Lalu sesungguhnya beberapa perihal apa yang direkomendasikan atau disunnahkan buat seorang yang menjalankan I’tikaf? Di bawah ini berbagai perihal yang disarankan atau disunnahkan untuk seorang yang beri’tikaf salah satunya ialah :
1. Melaksanakan Ketaatan Terhadap Allah SWT
Yang pertama menyibukkan diri dengan menjalankan ketaatan pada Allah SWT seperti melakukan zikir, membaca Al Quran, serta dialog keilmuan. Sebab dengan mengerjakan soal hal semacam itu bisa membimbing pada tujuan dari penerapan I’tikaf.
2. Berpuasa
Kenyataannya beri’tikaf pada kondisi berpuasa itu paling utama dan kuat untuk pecahkan syahwat keinginan, dapat lebih memusatkan ingatan, dan mensucikan hati.
3. Melaksanakan I’tikaf Di Mushola Jami
Yang ke-3 melakukan I’tikaf di mushola jami adalah mushola yang membangun shalat Jumat.

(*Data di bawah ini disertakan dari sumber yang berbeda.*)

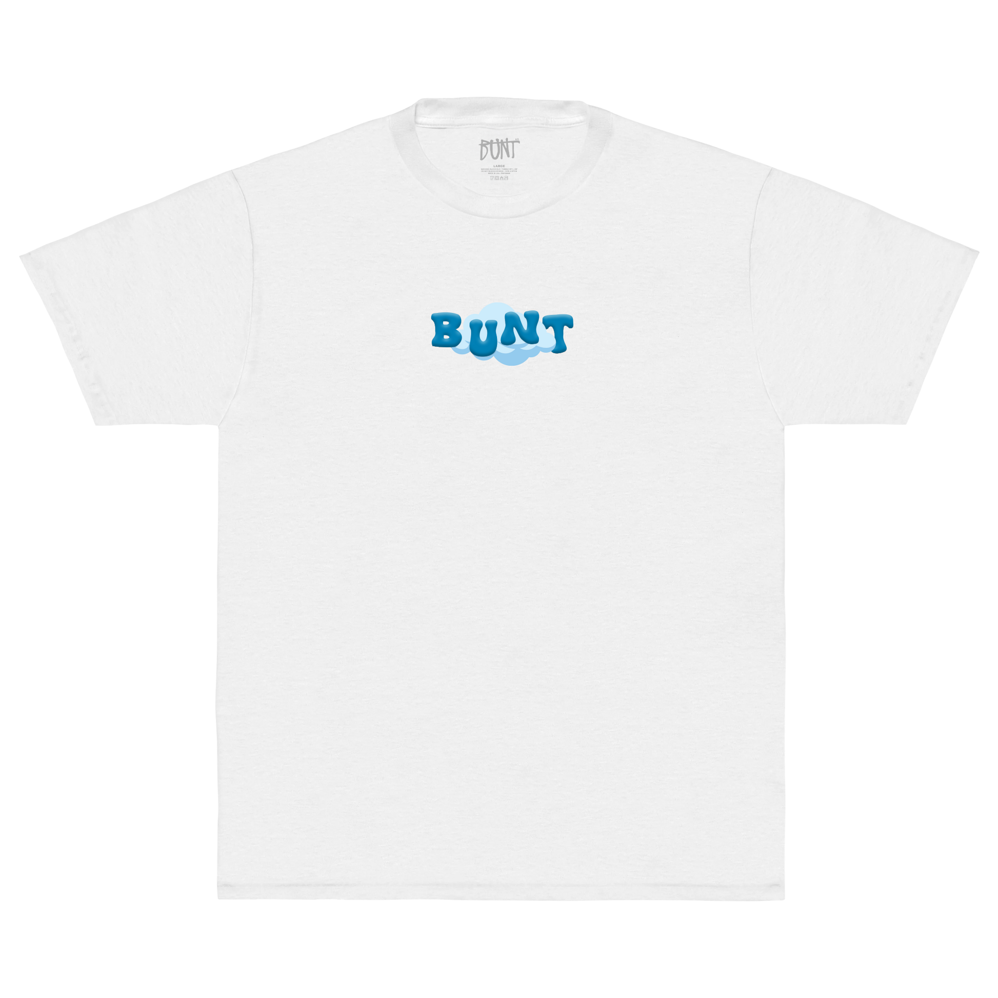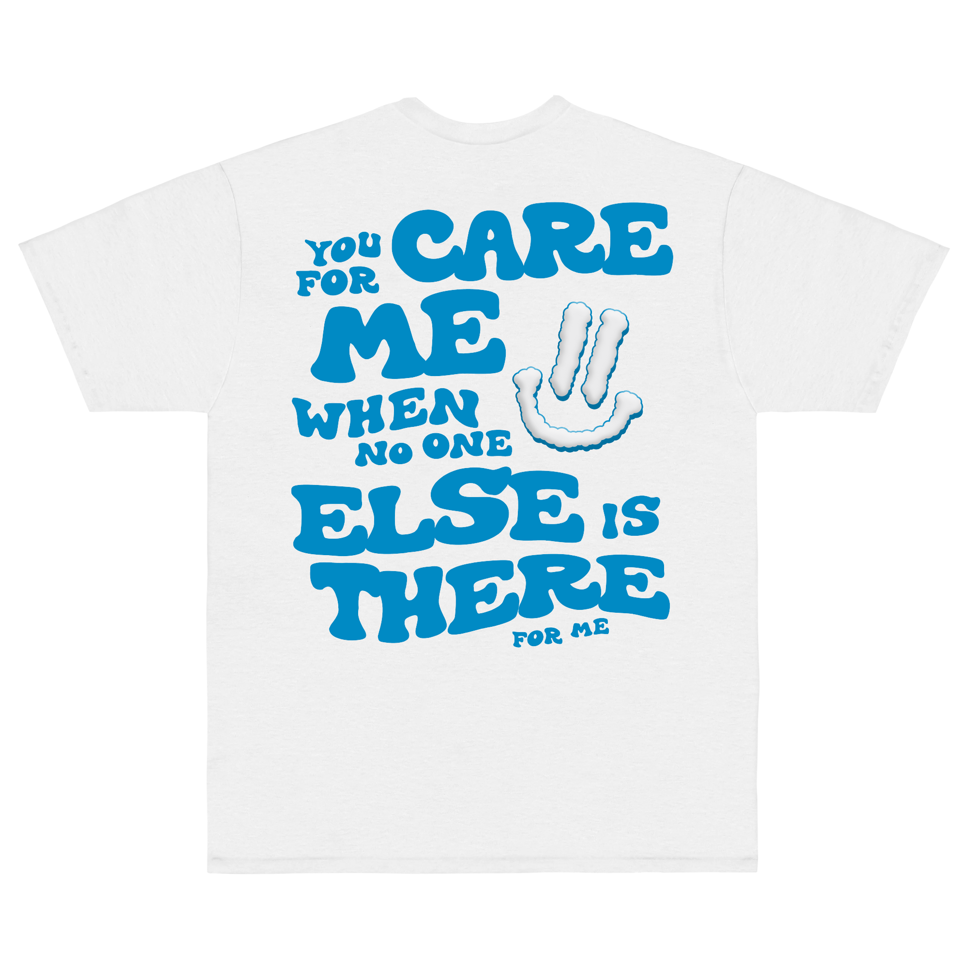 BUNT logo puff printed on the front and puff print 'You Care For Me When No One Else Is There For Me' graphic printed in blue on the back of a white, unisex tee.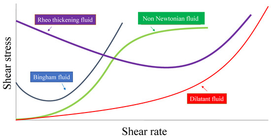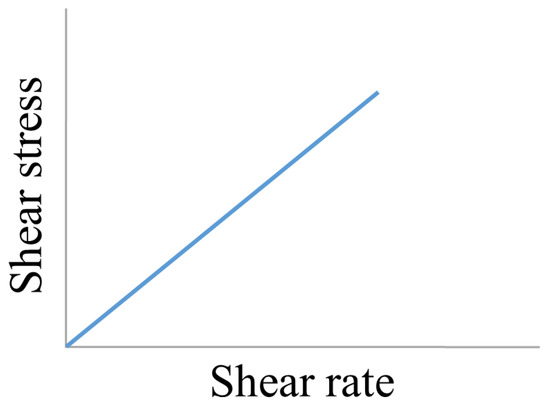 Different categories of fluids exist with the most known being the Newtonian fluids. Regardless of the stress applied, these fluids do not have a shear threshold. Their flow is proportional to the stress and keeps a constant viscosity as shown in Figure 9.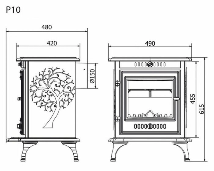 Чугунная печь KAWMET P10 с отличным дизайном и великолепной ценой, используется для отопления помещений, а также как предмет интерьера. Выполнена из чугуна класса EN-GJL- 200 под давлением с гладкими стенками без пор и обработки. Глубина топки под закладку дров 25 см, максимальная ширина топки 33 см, длина используемых дров до 33 см.Чугунная печь KAWMET P10 выгодно отличается более точной регулировкой подачи воздуха через нижнюю часть дверцы под колосниковую решетку. Открыв ее на максимум, вы подаете к дровам оптимальное количество воздуха для быстрого розжига.Во вторых регулируемая подача воздуха на стекло, подавая воздух на внутреннюю сторону стекла, вы тем самым создаете направленный поток, который будет препятствовать оседанию сажи, стекло значительно дольше будет оставаться чистым, что бы вы наслаждались игрой живого укрощенного огня.Выход дымовых газов может быть как вверх так и перемещён на заднюю стенку печи, сверху при этом образуется ровная нагревательная поверхность размером 45х33 см, а дымоходные трубы можно спрятать в стене за печкой.Особенности печи P10:Топка изготовлена из высококачественного чугуна с минимальной толщиной стенки 10 мм.Толстое декоративное литьё увеличивают площадь теплоотдачи в помещение.Жаростойкое стекло Robax, с очень низким температурным расширением, способно выдерживать температуру до 800 °С.Дефлектор увеличивает тепловую эффективность топки путем удлинения пути прохождения продуктов сгорания и увеличением площади теплосъёма.Дополнительная жаростойкая плита, защищающая тыльную сторону от прогорания толщиной 20 мм.Регулирование подачи воздуха в топку.Подвод наружного воздуха на стекло с регулировкой, предотвращает чрезмерное осаждение сажи.Подключение дымохода сверху или сзади.Зольный ящик.Современный дизайн и европейское качество.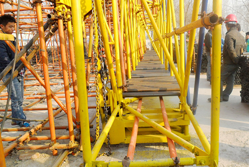 6)吊套式全鋼附著式升降腳手架。即采用吊拉式附著支承的、架體可沿套框升降的附著升降腳手架;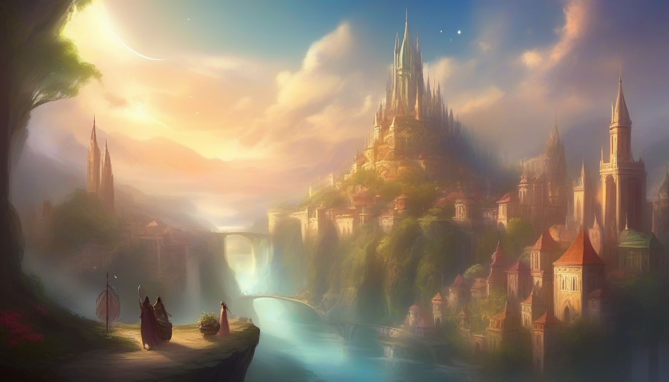 프롬프트: ethereal fantasy concept art of {prompt} . magnificent, celestial, ethereal, painterly, epic, majestic, magical, fantasy art, cover art, dreamy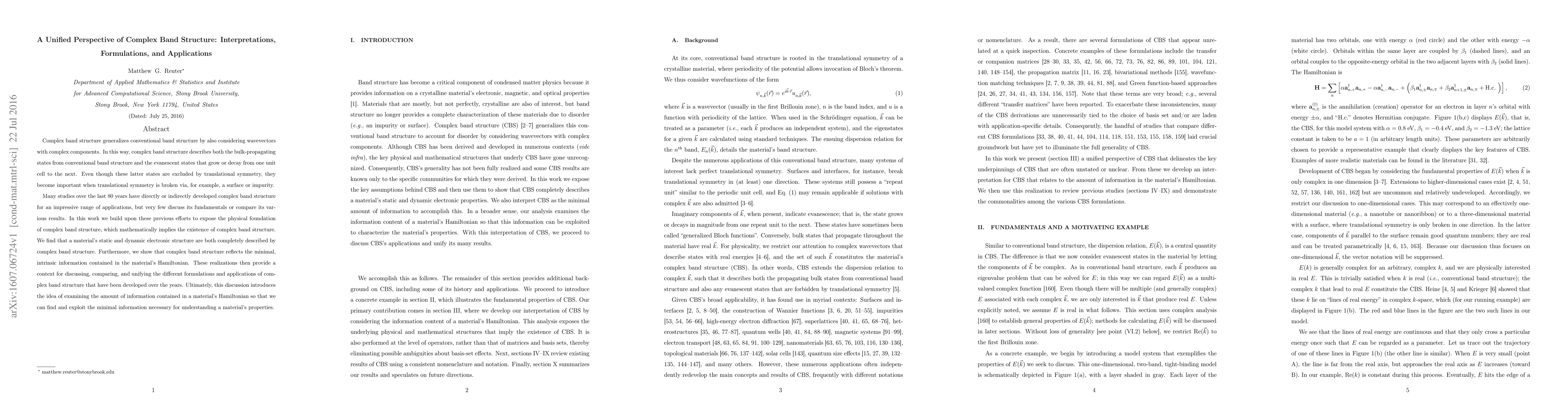 Complex band structure generalizes conventional band structure by also considering wavevectors with complex components. In this way, complex band structure describes both the bulk-propagating states from conventional band structure and the evanescent states that grow or decay from one unit cell to the next. Even though these latter states are excluded by translational symmetry, they become important when translational symmetry is broken via, for example, a surface or impurity. Many studies over the last 80 years have directly or indirectly developed complex band structure for an impressive range of applications, but very few discuss its fundamentals or compare its various results. In this work we build upon these previous efforts to expose the physical foundation of complex band structure, which mathematically implies the existence of complex band structure. We find that a material's static and dynamic electronic structure are both completely described by complex band structure. Furthermore, we show that complex band structure reflects the minimal, intrinsic information contained in the material's Hamiltonian. These realizations then provide a context for discussing, comparing, and unifying the different formulations and applications of complex band structure that have been developed over the years. Ultimately, this discussion introduces the idea of examining the amount of information contained in a material's Hamiltonian so that we can find and exploit the minimal information necessary for understanding a material's properties.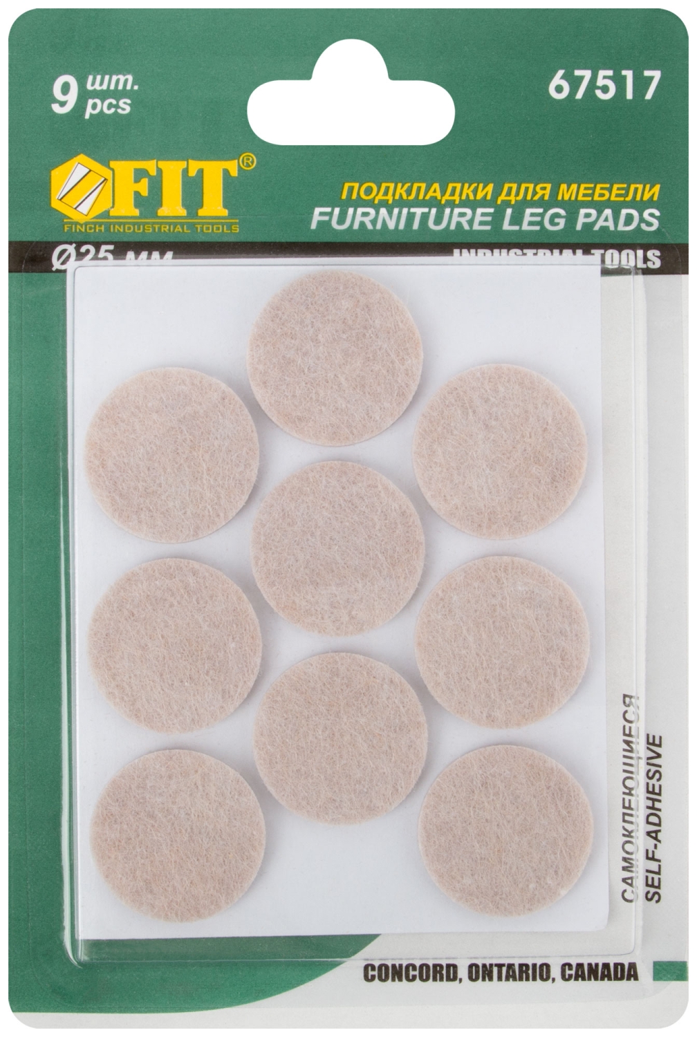 Подкладки для мебели самоклеющиеся круглые 25 мм 9 шт. войлок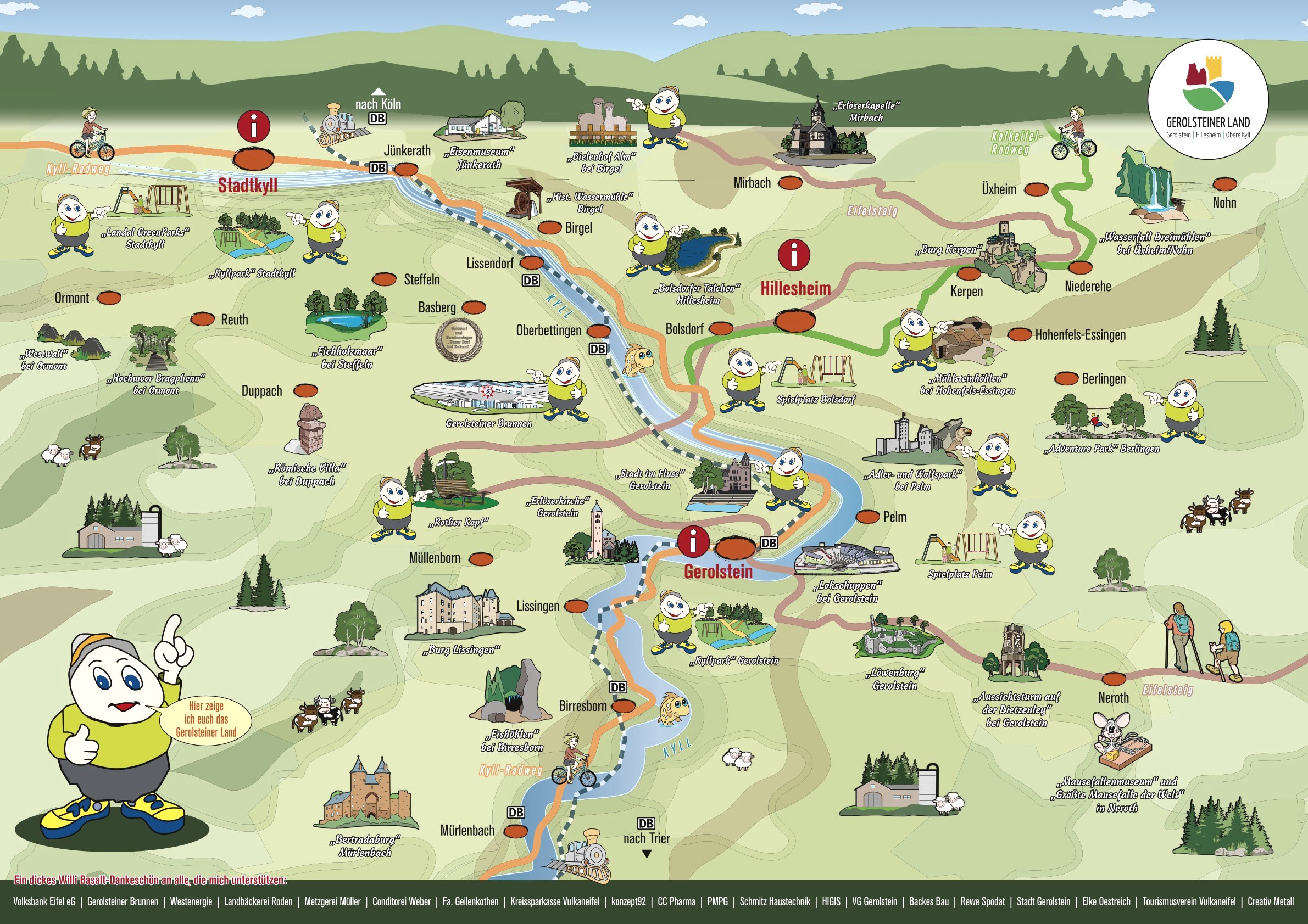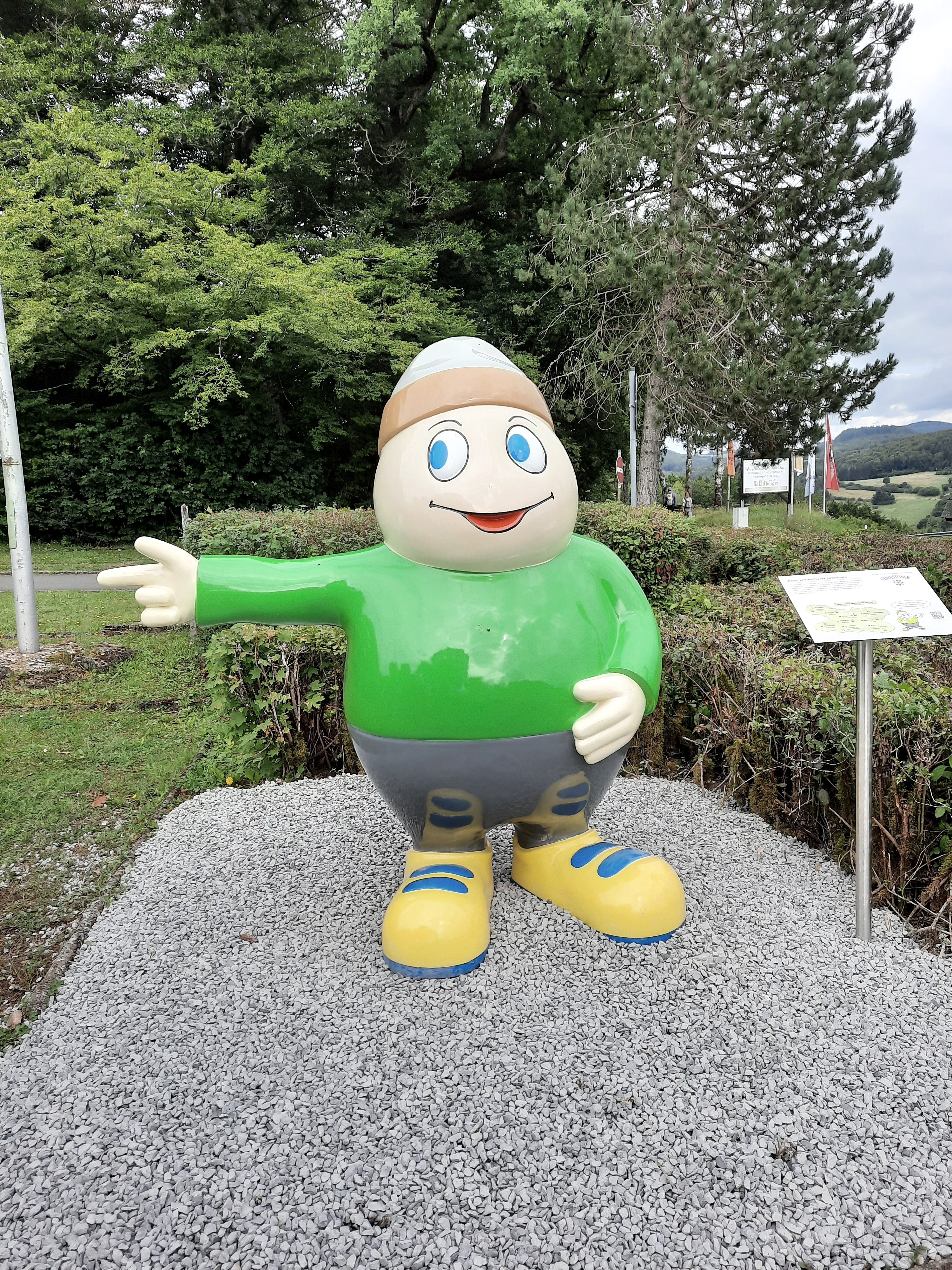 Die sympathische Comicfigur steht menschengroß überall dort, wo das Gerolsteiner Land etwas ganz Besonderes für Kinder zu bieten hat.
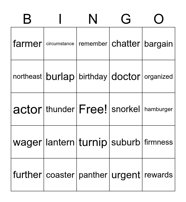 This bingo card has a free space and 24 words: lantern, coaster, birthday, further, bargain, farmer, northeast, circumstance, snorkel, turnip, doctor, actor, suburb, firmness, burlap, urgent, hamburger, remember, organized, thunder, rewards, wager, chatter and panther.

4. Tidak Berkata Kecuali Pengucapan Yang Baik
Dan yang paling akhir yakni tak bercakap kecuali pengucapan yang bagus. Mereka yang mengerjakan I’tikaf tidak diizinkan untuk memaki, menggunjing, beradu domba, serta berbicara kata yang tak ada fungsinya. (Dr. Mushtofa Said Al-Khin dan Dr Mushtofa Al-Bugha, Al-Fiqh Al-Manhaji ‘Ala Al-Mazhab Al-Imam As-Syafi’i, juz 2, soal. 108)
Kesunnahan menjalankan I’tikaf pada situasi puasa dalam rujukan yang telah ditulis sebelumnya jelas tujuannya itu yakni waktu menjalankan I’tikaf pada siang hari. Maka dapat dimengerti bila beri’tikaf pada siang hari pada situasi berpuasa dianggap paling utama ketimbang I’tikaf saat malam hari. Namun perihal itu tidak berlaku saat melakukan I’tikaf di sepuluh malam paling akhir dalam bulan Ramadhan, lantaran saat malam malam itu punya kekhususan berbentuk turunnya lailatul qadar. Maka dari itu beri’tikaf di sepuluh malam paling akhir ini punya keunggulan spesifik.
Karena itu untuk mereka yang dapat mengerjakan I’tikaf mesti mencermati kesunnahan kesunnahan waktu beri’tikaf sama yang udah diterangkan di atas, juga mempraktikkannya dengan penuh khusyuk dan kekhusyuan. Lantaran I’tikaf yang paling penting itu ialah I’tikaf yang banyak di isi dengan amal beribadah, berdasar pedoman “ma kana aktsara fi’lan kana aktsara fadlan” berarti suatu yang bertambah banyak wujud kelakuannya karenanya makin banyak pula keunggulannya. Wallahu a’lam.